The primary task of STS-61-A was to conduct a series of experiments, almost all related to functions in microgravity, in Spacelab D-1, the third flight of a Spacelab orbital laboratory module. Two other mission assignments were to deploy the Global Low Orbiting Message Relay Satellite (GLOMR) out of a Getaway Special canister in the cargo bay, and to operate five materials processing experiments, which were mounted in the orbiter's payload bay on a separate device called the German Unique Support Structure. The experiments included investigations into fluid physics, with experiments in capillarity, Marangoni convection, diffusion phenomena, and critical points; solidification experiments; single crystal growth; composites; biological studies, including cell functions, developmental processes, and the ability of plants to perceive gravity; medical experiments, including the gravitational perceptions of humans, and their adaptation processes in space; and speed-time interaction studies of people working in space.
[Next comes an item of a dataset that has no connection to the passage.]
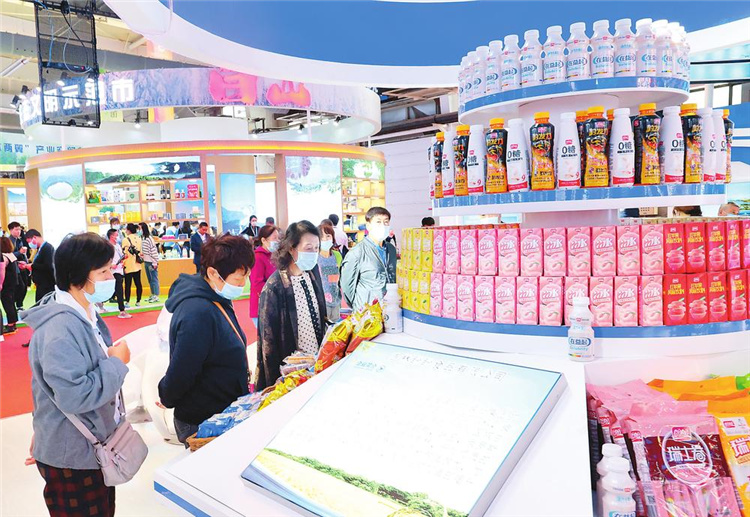 参观者正在展区选购商品。石雷 丁研 摄

STS-61-A Space in Images 2010 10 STS61A crew leave the Shuttle after

One equipment item of unusual interest was the Vestibular Sled, an ESA contribution consisting of a seat for a test subject that could be moved backward and forward with precisely controlled accelerations and stops, along rails fixed to the floor of the Spacelab aisle. By taking detailed measurements on a human strapped into the seat, scientists gained data on the functional organization of the human vestibular and orientation systems, and the vestibular adaptation processes under microgravity. The acceleration experiments by the sled riders were combined with thermal stimulations of the inner ear and optokinetic stimulations of the eye.
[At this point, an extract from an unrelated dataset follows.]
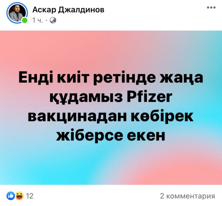 "Енді киіт ретінде жаңа құдамыз Pfizer вакцинасынан көбірек жіберсе екен", - деп қалжыңдаған.

NASA operated the shuttle, and was responsible for overall safety and control functions throughout the flight. West Germany was responsible for the scientific research carried out during the seven-day mission. To fulfill this function, German scientific controllers on the ground worked closely with the personnel in orbit, operating out of the German Space Operations Center at Oberpfaffenhofen, near Munich, West Germany. The orbiting crew was divided into two teams, working in shifts to ensure laboratory work was performed 24 hours a day. Communications were optimal throughout the mission and the ground and orbital crews were able to interact regularly. The overall system of one control center controlling spacecraft operations and a second controlling experiment functions worked smoothly in practice.
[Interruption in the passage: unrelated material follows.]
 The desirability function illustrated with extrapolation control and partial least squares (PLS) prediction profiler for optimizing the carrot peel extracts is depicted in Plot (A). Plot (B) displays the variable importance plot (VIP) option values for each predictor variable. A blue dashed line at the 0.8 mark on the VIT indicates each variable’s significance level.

The GLOMR satellite was successfully deployed during the mission, and the five experiments mounted on the separate structure behind the Spacelab module obtained useful data. Challenger landed, for what was to be the last time, on Runway 17 at Edwards Air Force Base on November 6, 1985. The wheels stopped rolling at 12:45 pm EST, after a mission duration of 7 days and 45 minutes.

STS-61-A marked the final successful mission of Space Shuttle Challenger, which was destroyed with all hands on board during the launch of the STS-51-L mission on January 28, 1986.

Crew bio

Steven R. Nagel died from advanced melanoma on August 21, 2014 at the age of 67. Wubbo Ockels died on 18 May 2014 from cancer. The commander of the mission Henry W. Hartsfield, Jr. died on March 10, 2014. Reinhard Furrer died 9 September 1995 at the age of 54. Furrer died in the crash of a small airplane.

Records

STS-61-A set a record with its crew of 8, this is biggest crew ever for a Space Shuttle mission. This is the highest number of people in space on a single spacecraft. The previous record for biggest Shuttle crew was seven people; the first seven-person shuttle mission was STS-41-G in October 1984. This was not the first flight an ESA astronaut or a West German citizen on STS however, Ulf Merbold, who also served as the backup on this mission, had previously flown in space on the Space Shuttle on the STS-9 mission in 1983.

Guion S. Bluford was the first U.S. African-American to fly in space, and became the first African-American to fly in space twice with STS-61-A being his second flight having previously flown on STS-8. He was a member of the United States 1978 astronaut class.